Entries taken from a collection
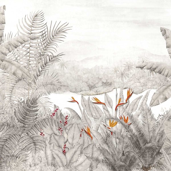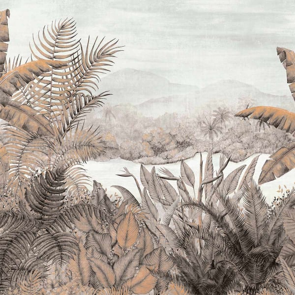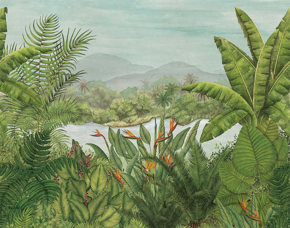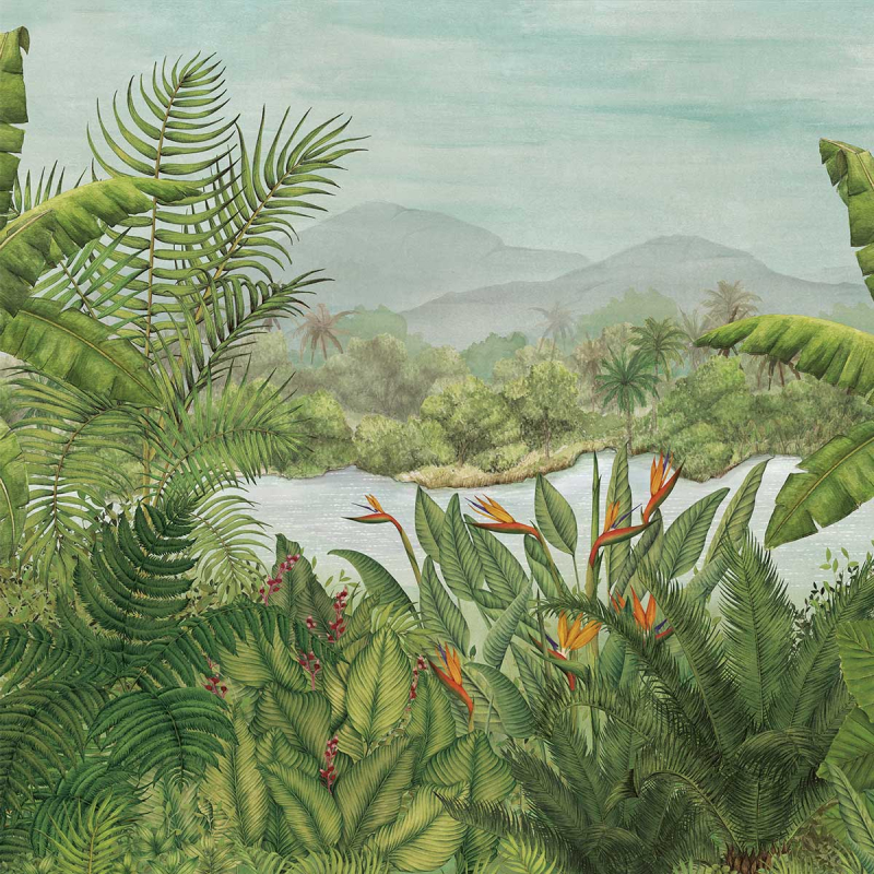 Le panneau Rainforest de Masureel vous plonge instinctivement dans une atmosphère tropicale à travers son design pittoresque. Le motif affiche une pléthore de végétations monochromes décorée par quelques fleurs aux couleurs vibrantes. Au fond, une rivière et des montagnes apparaissent dans une perspective en profondeur. Ce décor mural enchanteur apporte une touche exotique aux espaces de vie.
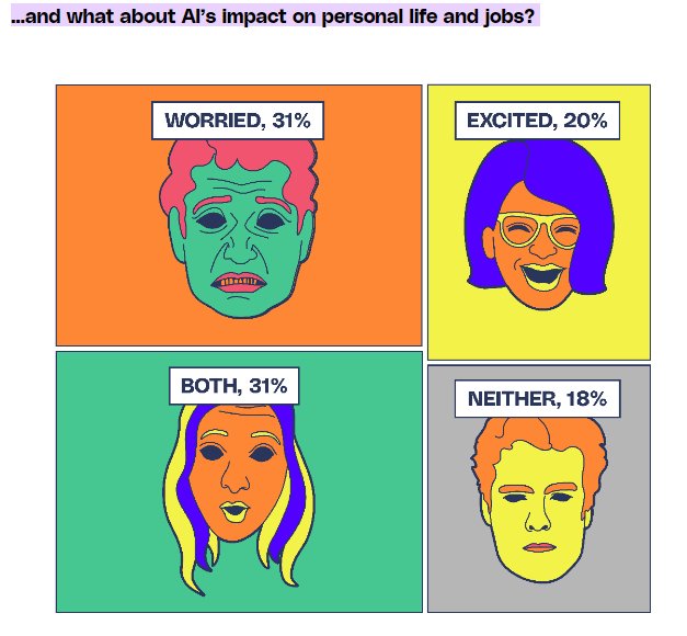 1. When asked about how they feel about the impact of AI on their society, 21% of respondents were excited, while 29% reported being anxious about the prospects of the technology. (The Verge)
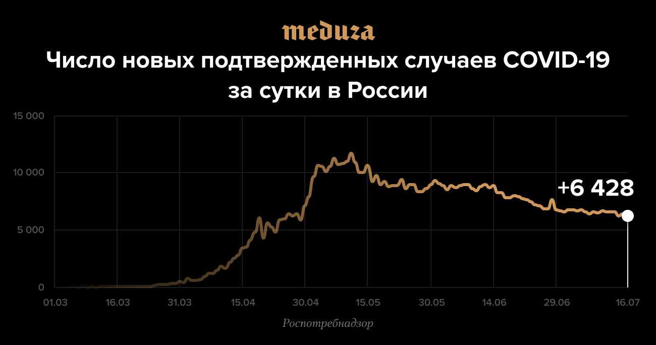 По состоянию на утро 16 июля в России зарегистрированы 6428 новых случаев заражения коронавирусной инфекцией. Общее число инфицированных достигло 752 797 человек, сообщает оперативный штаб по борьбе с вирусом.
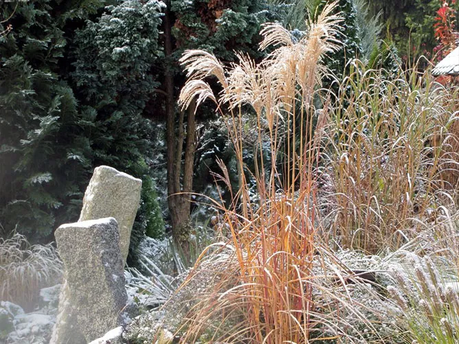 Фото. Багаторічні декоративні злаки (трави) в садах восени та взимку
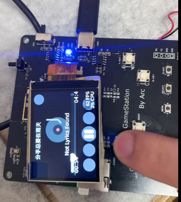 3、最后才是游戏机功能,因为按键的原因,我用的还是旧的GPIO引脚下拉的按键方案。并没跟随大佬用上AW9523。所以得自己动手改一下源码才能跑起来。

Task objective.
Retype the records verbatim, excluding each image they hold.

Response below.
 Le panneau Rainforest de Masureel vous plonge instinctivement dans une atmosphère tropicale à travers son design pittoresque. Le motif affiche une pléthore de végétations monochromes décorée par quelques fleurs aux couleurs vibrantes. Au fond, une rivière et des montagnes apparaissent dans une perspective en profondeur. Ce décor mural enchanteur apporte une touche exotique aux espaces de vie.
 1. When asked about how they feel about the impact of AI on their society, 21% of respondents were excited, while 29% reported being anxious about the prospects of the technology. (The Verge)
 По состоянию на утро 16 июля в России зарегистрированы 6428 новых случаев заражения коронавирусной инфекцией. Общее число инфицированных достигло 752 797 человек, сообщает оперативный штаб по борьбе с вирусом.
 Фото. Багаторічні декоративні злаки (трави) в садах восени та взимку
 3、最后才是游戏机功能,因为按键的原因,我用的还是旧的GPIO引脚下拉的按键方案。并没跟随大佬用上AW9523。所以得自己动手改一下源码才能跑起来。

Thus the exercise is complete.